= Sparks in the Park =

Annual fireworks display in Cardiff, Wales

Sparks in the Park

Sparks in the Park is an annual fireworks display held in Cardiff, Wales on or around Guy Fawkes Night.

The event takes place in Cooper's Field in Bute Park, behind Cardiff Castle. It has been held annually since 1981, and has become the most popular fireworks display in Wales, and one of the most popular in the UK, attracting around 20,000 people.

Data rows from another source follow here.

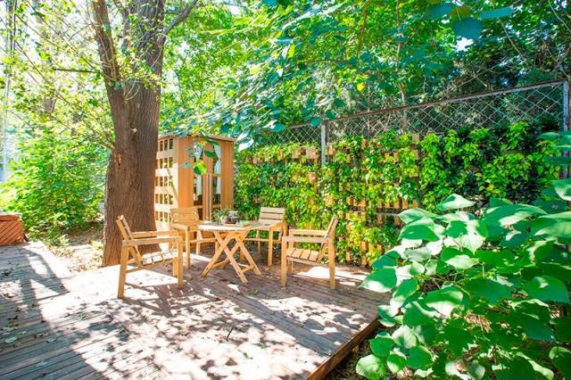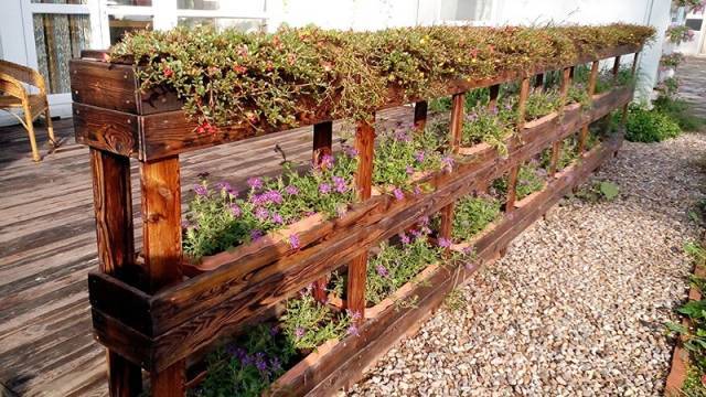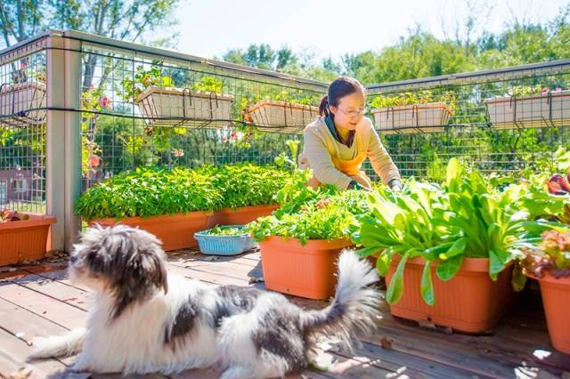 ▼再在前院的木地板上,組裝起來一個花欄,上面種滿了蒼翠欲滴的蔬菜草木,上面的花草可以欣賞,下面的蔬菜,可以采摘,簡直將生活過成了詩。
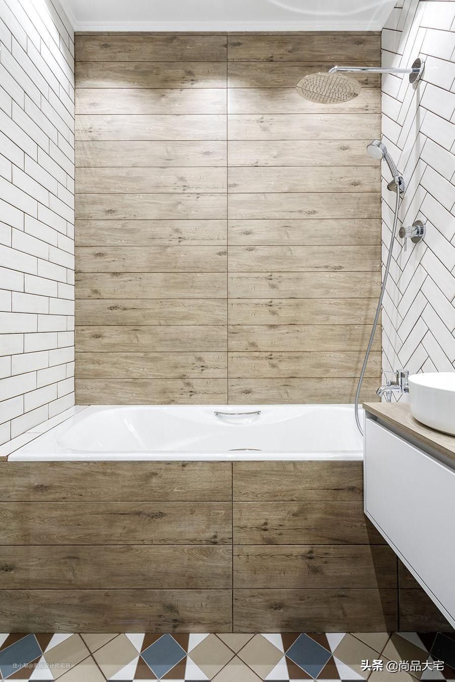 浴缸外侧和内侧都铺贴了仿木纹的墙砖,给整体白色的卫生间空间增添了温馨的感觉。浴缸旁边留出了空间设计摆放洗浴用品的台面,方便洗澡时拿取。
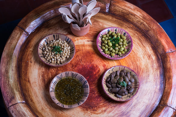 המשתה הפלישתי קם לתחייה מבט ראשון על השולחן הערוך מגלה חומרי גלם המוכרים לנו מהאוכל המקומי שלנו במזרח התיכון. בין המתאבנים: זיתים ירוקים, מטבל זעתר ושמן זית, גרגרי חומוס מתובלים בכמון ושמן זית, פיתות בעבודת יד. במשתה בו נכחתי, ביום חורפי, הוגש מרק אפונה עשיר וטעים עם נטיפי בצקיות.

The event is organised by local charitable and social networking group Cardiff Round Table, one of the largest branches in the UK of Round Table (club). It is a non profit event- all proceeds are distributed to charity, primarily in and around the Cardiff area. Charities to have benefited from monies raised during Sparks in the Park 2009 include the Christian Lewis Trust, the Sequal Trust, Vitalise, CLIC Sargent, Round Table Children's Wish, Barnardo's Cymru and Hospital Radio Glamorgan.

==History==
Prior to 2009, the event had been held for several years in Blackweir Field, at the north end of Bute Park, further away from the city centre. This was because of concerns that Cardiff Council had about the potential damage to Cooper's Field. Improvements made to drainage and access on the site have made it possible for the event to move back. Various other events have also been held in the field in 2010, such as a concert by Florence and the Machine and Cardiff Mardi Gras.

The largest amount ever raised for charity by Sparks in the Park was £67,000 in 2017.